Meta representatives remain vague.
“Earlier today, a technical issue caused people to have difficulty accessing some of our services,” Meta communications director Andy Stone wrote in a mail at X. “We resolved the issue as quickly as possible for everyone affected and apologize for any inconvenience.”
DailyMail.com has contacted Meta for comment.
Even Meta employees experienced problems Tuesday, reporting they couldn’t log into the company’s systems, leading them to wonder if they were fired, according to Reuters.
It’s not the first time a large company, including Meta, has gone offline, Moore said.
Facebook’s downfall in 2021 was caused by an accident that affected the company’s domain name server or DNS, which could have also happened this time
“This was previously due to a problem with the domain name server, DNS,” he said.
“This is like a phone book for the Internet that turns a web domain (like Facebook.com) into the actual IP address where the site resides.”
When a DNS has an overload or some other network problem, it goes down.
“As the Internet grows, these problems become more common, especially if they are not prepared for the future,” Moore said.

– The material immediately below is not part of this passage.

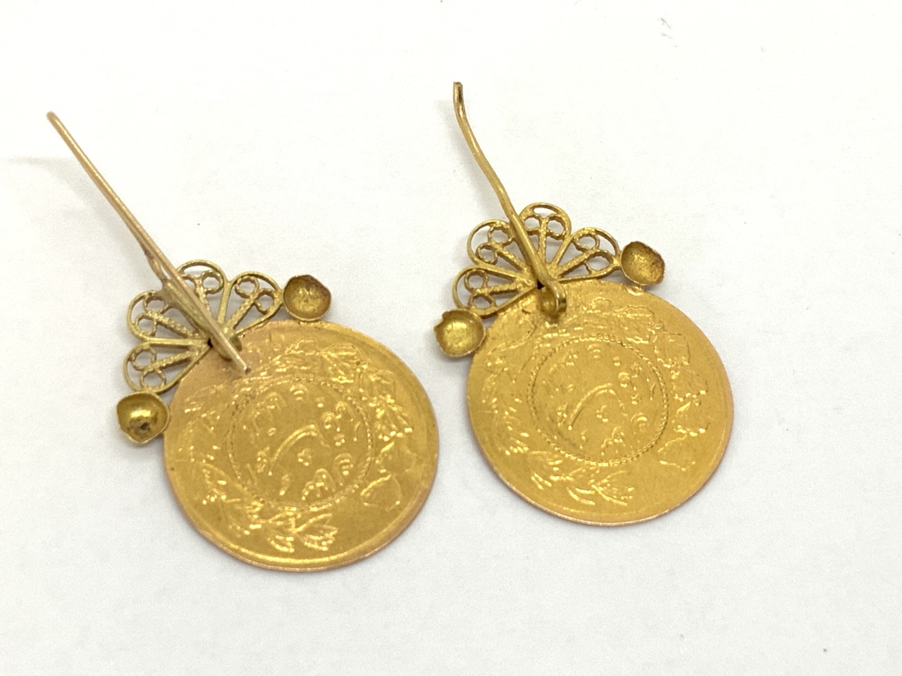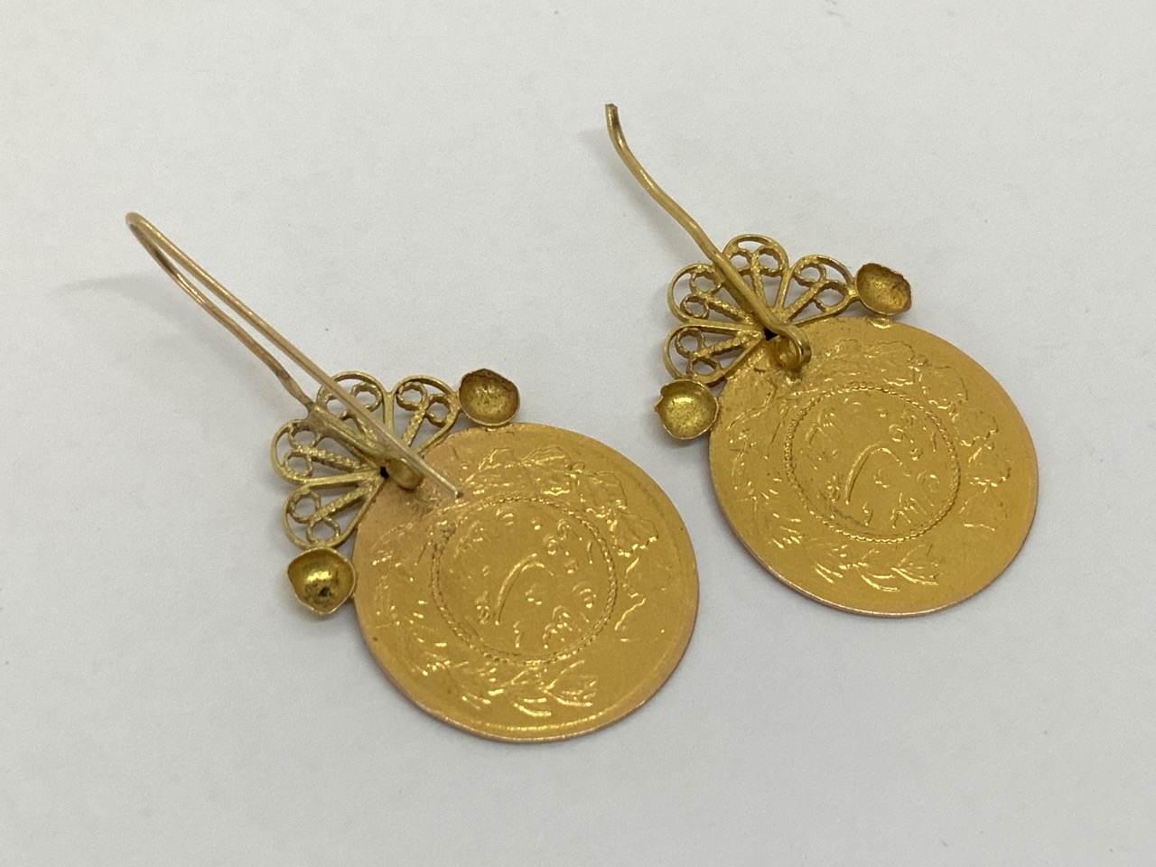 1917 1/2 Tuman gold coin earrings. Iran. One wire back is broken.

There are a few clues as to what happened, according to software company Cisco’s ThousandEyes network monitoring blog:
“ThousandEyes can confirm that Meta’s web servers remain reachable, with network paths clear and web servers responding to users,” they wrote.
“However, users trying to log in receive error messages suggesting a backend service, such as authentication, as the cause of the problem.”
Hackers attacking a DNS would be an effective way to take down a website and would cost thousands of dollars per minute, a cybersecurity expert told DailyMail.com.
This is evidence that seems consistent with a DNS problem.
It would be possible to attack a DNS to take down a website, Moore said.
“DNS attacks are a way to crash websites and in turn cost thousands of dollars per minute in real downtime,” he said.
“DNS attacks seek to exploit vulnerabilities in the DNS infrastructure, but typically in companies of this size it would require someone working from the inside as an insider threat to be successful,” Moore said.
“Again, there is no evidence of this yet.”
Facebook’s 2021 outage could hold clues to the latest outage.
As of 11:50 am EST (indicated by the vertical gray bar), the Facebook app began to recover for users. The green bar indicates that the page loaded successfully.
Users around the world experienced problems when trying to access the Facebook app, ThousandEyes noted
That one turned out to have been caused by an insider threat, but by accident.
A faulty command entered by an engineer took the company’s data centers offline.
When this week’s outage occurred, the screenshot shared by Anonymous showed an increase in outage reports not only for the Meta Facebook-owned sites Instagram, Facebook Messenger, and Threads, but also for YouTube, Google Play, and the Valorant multiplayer video game.
And in fact, other sites experienced problems, suggesting that something was happening beyond Meta.
But when the Facebook outage hit in 2021, its effects spread across the internet as users tried to reload the app, according to IT service management company CloudFlare. reported At the time.
Because Facebook has so many users, this meant that thousands or possibly millions of people were reloading their pages over and over with the same thing at once, overloading DNS servers and making it difficult to access other sites.
US cybercrime officials had no leads about the incident, which occurred on Super Tuesday, when 15 states hold their primaries.
“At this time, we are not aware of any specific election nexus or any specific malicious cyber activity to the outage, but we are aware of the incident and its global reach,” said a senior official at the Cybersecurity and Infrastructure Security Agency (CISA). ). The official told Axios yesterday, before the issue was resolved.